• **EXERCISE DETAILS**
Before copying, set aside the pictures; then restate exactly the lines from the one with "퇴근 무렵 갑작스러운" through the last line of the records.

━━━━━━━━━━━━━━━━━━━━

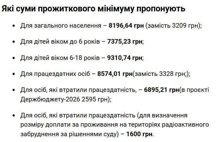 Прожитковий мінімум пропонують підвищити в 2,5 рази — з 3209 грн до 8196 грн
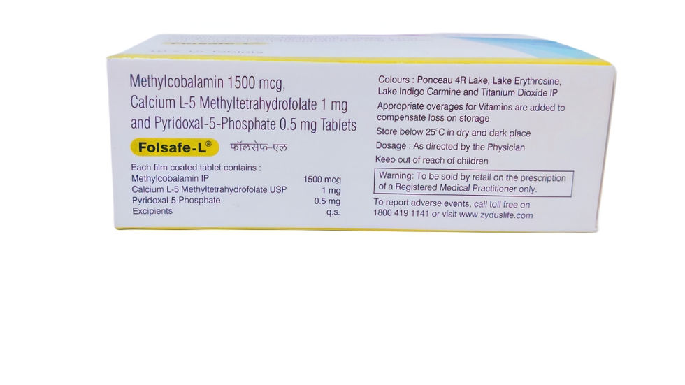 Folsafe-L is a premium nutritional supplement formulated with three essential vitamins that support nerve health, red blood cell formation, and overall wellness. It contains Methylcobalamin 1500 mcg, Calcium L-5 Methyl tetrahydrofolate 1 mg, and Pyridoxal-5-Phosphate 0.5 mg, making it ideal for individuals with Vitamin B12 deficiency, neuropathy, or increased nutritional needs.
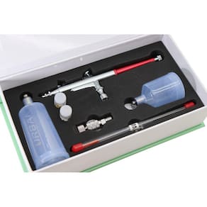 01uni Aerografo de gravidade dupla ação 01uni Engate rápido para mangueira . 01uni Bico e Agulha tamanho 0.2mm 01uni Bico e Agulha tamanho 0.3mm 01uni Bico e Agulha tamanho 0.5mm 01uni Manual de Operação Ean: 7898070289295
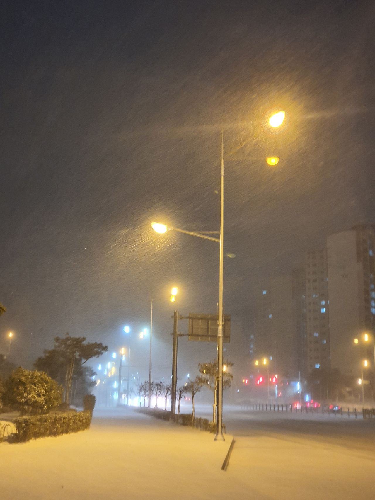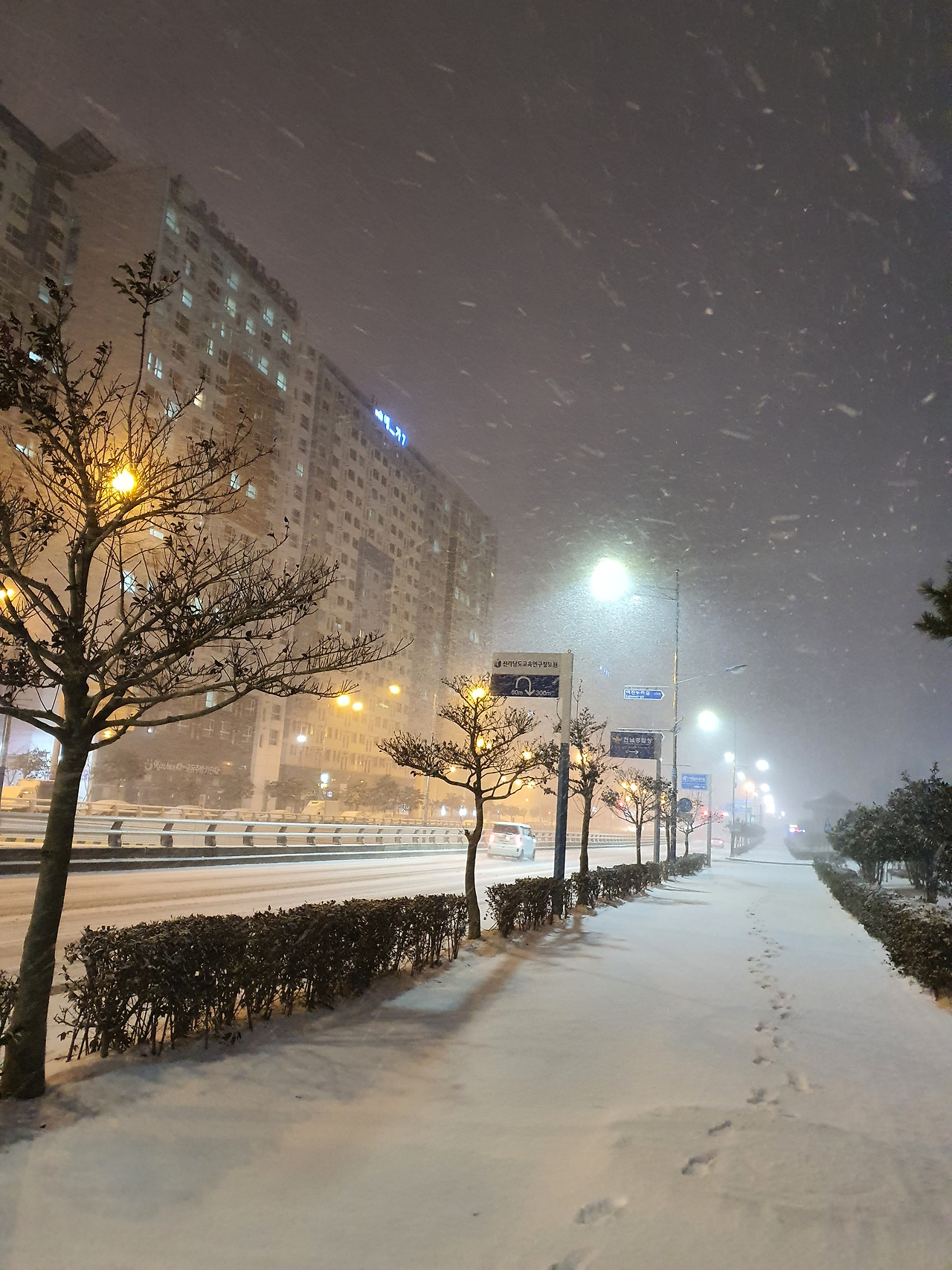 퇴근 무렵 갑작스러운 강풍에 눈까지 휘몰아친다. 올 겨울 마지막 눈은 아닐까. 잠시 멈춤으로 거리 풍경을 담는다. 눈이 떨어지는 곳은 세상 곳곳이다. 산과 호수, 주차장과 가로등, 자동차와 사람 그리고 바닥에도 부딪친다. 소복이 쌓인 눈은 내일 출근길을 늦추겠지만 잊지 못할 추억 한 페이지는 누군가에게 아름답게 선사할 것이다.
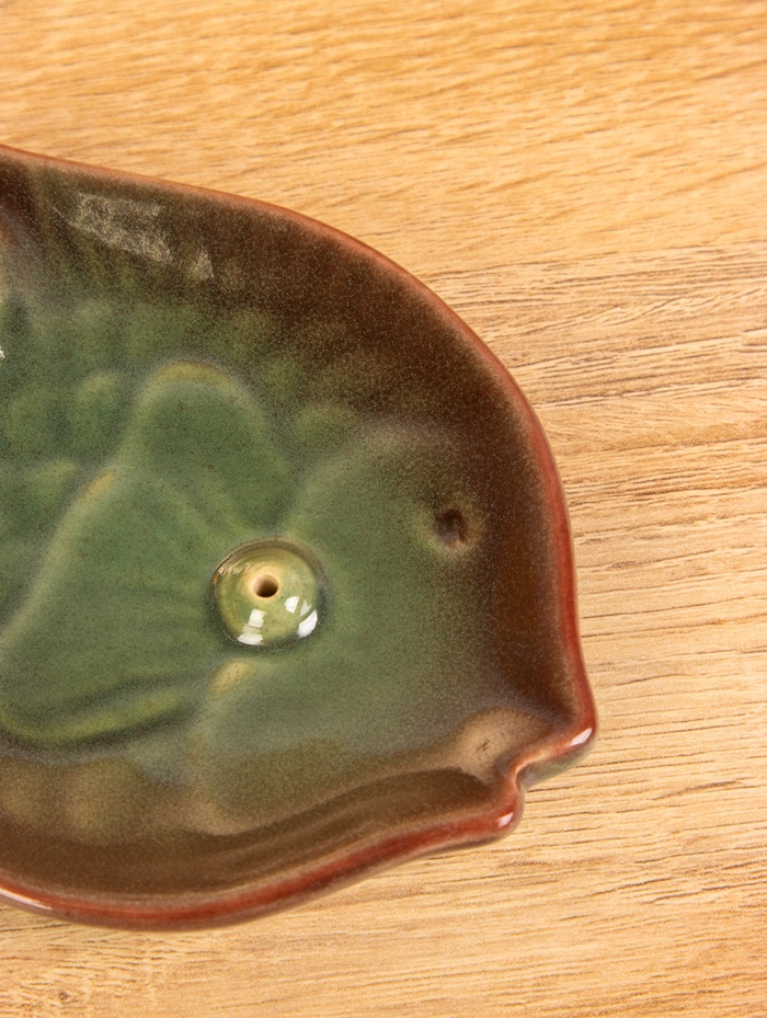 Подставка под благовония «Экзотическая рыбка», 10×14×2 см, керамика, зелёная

━━━━━━━━━━━━━━━━━━━━

• **SOLUTION TO THE PROBLEM**
 퇴근 무렵 갑작스러운 강풍에 눈까지 휘몰아친다. 올 겨울 마지막 눈은 아닐까. 잠시 멈춤으로 거리 풍경을 담는다. 눈이 떨어지는 곳은 세상 곳곳이다. 산과 호수, 주차장과 가로등, 자동차와 사람 그리고 바닥에도 부딪친다. 소복이 쌓인 눈은 내일 출근길을 늦추겠지만 잊지 못할 추억 한 페이지는 누군가에게 아름답게 선사할 것이다.
 Подставка под благовония «Экзотическая рыбка», 10×14×2 см, керамика, зелёная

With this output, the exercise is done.